Assigned task. In the listing below, how many lines contain "which"? Answer with the number alone.

Supplied information.
---------------

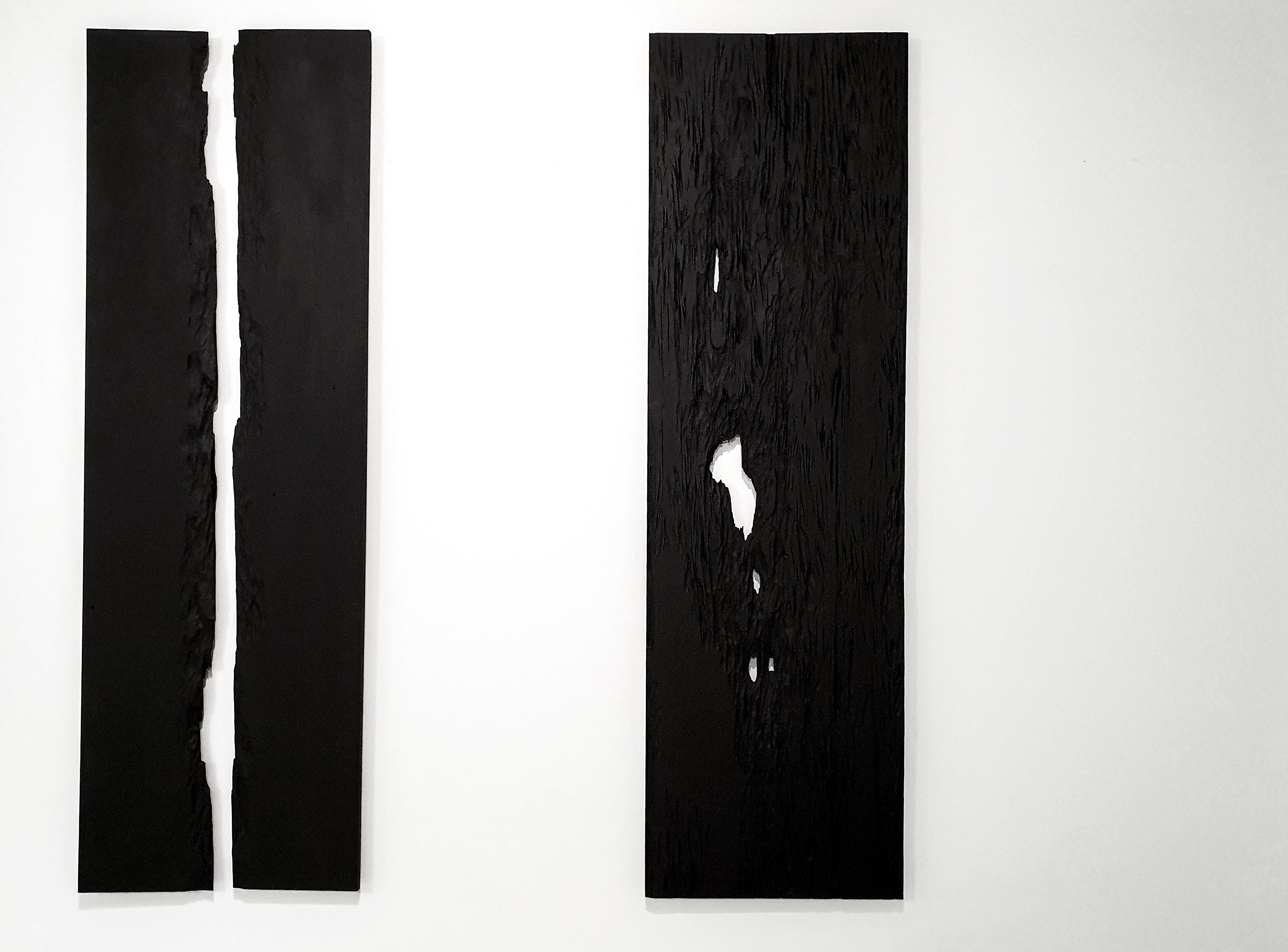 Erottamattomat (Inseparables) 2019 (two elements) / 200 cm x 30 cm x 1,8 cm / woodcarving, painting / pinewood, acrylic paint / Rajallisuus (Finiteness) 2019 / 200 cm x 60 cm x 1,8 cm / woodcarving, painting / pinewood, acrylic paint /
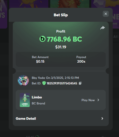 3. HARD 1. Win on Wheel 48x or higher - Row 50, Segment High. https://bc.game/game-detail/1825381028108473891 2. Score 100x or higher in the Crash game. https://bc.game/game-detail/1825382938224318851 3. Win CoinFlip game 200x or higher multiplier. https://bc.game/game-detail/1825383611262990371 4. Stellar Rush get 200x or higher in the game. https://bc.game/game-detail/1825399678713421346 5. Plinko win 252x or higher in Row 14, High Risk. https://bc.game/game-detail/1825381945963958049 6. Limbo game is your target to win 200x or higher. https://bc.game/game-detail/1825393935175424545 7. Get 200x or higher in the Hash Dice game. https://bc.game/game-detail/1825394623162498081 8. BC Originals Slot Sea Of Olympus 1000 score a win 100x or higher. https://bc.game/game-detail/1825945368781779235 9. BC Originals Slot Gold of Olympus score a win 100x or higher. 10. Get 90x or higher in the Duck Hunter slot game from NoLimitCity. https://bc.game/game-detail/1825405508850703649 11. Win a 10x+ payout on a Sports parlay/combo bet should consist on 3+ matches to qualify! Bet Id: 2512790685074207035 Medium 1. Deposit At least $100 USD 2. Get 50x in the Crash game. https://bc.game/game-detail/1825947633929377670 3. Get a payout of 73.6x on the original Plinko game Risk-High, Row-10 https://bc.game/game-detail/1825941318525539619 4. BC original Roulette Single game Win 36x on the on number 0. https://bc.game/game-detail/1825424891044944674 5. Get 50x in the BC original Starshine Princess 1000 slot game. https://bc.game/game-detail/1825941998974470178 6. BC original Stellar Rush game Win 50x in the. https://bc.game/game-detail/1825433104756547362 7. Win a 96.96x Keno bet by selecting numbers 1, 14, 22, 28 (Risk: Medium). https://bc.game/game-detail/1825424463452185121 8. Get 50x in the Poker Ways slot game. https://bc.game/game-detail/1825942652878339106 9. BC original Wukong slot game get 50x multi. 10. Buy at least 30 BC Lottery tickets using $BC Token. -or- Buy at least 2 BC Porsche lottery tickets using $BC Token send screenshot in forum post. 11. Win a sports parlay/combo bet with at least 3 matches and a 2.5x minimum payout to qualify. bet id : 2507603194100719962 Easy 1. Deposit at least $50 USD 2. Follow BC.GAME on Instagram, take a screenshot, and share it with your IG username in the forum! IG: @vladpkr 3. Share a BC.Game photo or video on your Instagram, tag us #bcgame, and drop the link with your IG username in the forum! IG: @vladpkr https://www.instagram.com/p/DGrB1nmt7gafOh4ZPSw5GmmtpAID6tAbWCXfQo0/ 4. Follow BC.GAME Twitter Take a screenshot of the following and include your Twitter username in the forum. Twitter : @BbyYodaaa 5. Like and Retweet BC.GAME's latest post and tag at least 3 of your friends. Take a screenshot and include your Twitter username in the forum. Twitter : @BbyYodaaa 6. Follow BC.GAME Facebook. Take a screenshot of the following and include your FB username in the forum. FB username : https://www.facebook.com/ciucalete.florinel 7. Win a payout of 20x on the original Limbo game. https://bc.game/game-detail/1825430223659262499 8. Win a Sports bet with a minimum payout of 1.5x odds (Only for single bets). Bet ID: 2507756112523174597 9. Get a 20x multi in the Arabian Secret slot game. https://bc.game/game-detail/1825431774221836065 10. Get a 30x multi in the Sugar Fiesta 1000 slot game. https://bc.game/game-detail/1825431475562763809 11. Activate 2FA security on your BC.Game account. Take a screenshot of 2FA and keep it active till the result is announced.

---------------

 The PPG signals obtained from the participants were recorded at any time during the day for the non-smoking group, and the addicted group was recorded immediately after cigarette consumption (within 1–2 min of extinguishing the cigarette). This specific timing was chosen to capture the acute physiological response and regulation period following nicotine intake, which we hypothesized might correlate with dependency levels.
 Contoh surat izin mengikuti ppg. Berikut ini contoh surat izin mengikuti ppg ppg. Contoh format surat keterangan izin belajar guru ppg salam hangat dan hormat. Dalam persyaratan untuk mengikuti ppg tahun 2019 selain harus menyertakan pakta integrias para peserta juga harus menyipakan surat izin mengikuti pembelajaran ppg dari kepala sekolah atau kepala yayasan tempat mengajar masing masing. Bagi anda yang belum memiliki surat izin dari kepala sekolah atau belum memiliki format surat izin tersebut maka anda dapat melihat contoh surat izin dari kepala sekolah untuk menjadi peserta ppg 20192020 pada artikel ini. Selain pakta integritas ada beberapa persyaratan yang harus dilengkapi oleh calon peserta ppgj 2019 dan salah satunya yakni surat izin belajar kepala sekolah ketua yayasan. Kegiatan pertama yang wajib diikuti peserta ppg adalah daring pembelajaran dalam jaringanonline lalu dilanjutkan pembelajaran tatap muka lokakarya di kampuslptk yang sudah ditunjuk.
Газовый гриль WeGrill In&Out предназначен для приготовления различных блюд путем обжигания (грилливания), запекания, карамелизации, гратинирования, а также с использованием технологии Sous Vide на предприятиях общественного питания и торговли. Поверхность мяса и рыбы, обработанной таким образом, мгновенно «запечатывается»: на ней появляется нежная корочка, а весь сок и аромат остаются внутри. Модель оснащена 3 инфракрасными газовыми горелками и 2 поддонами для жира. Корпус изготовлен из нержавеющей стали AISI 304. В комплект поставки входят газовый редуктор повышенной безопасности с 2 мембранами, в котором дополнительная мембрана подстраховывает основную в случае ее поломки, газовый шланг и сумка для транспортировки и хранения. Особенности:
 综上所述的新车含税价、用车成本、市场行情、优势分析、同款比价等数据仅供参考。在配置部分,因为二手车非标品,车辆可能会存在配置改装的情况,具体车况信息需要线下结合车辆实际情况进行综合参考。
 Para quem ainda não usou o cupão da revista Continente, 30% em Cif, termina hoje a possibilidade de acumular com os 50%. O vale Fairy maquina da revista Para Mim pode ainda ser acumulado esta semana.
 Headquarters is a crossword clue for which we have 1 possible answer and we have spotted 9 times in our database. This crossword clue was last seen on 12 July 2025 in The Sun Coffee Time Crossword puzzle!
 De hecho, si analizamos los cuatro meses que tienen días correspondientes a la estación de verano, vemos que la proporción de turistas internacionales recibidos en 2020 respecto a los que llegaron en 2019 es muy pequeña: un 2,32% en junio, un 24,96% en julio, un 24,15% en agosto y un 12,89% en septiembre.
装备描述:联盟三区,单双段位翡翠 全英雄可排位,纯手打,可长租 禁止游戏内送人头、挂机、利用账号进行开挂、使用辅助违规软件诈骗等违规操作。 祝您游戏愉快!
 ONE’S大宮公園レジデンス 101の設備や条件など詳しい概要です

---------------

Exercise solution. 2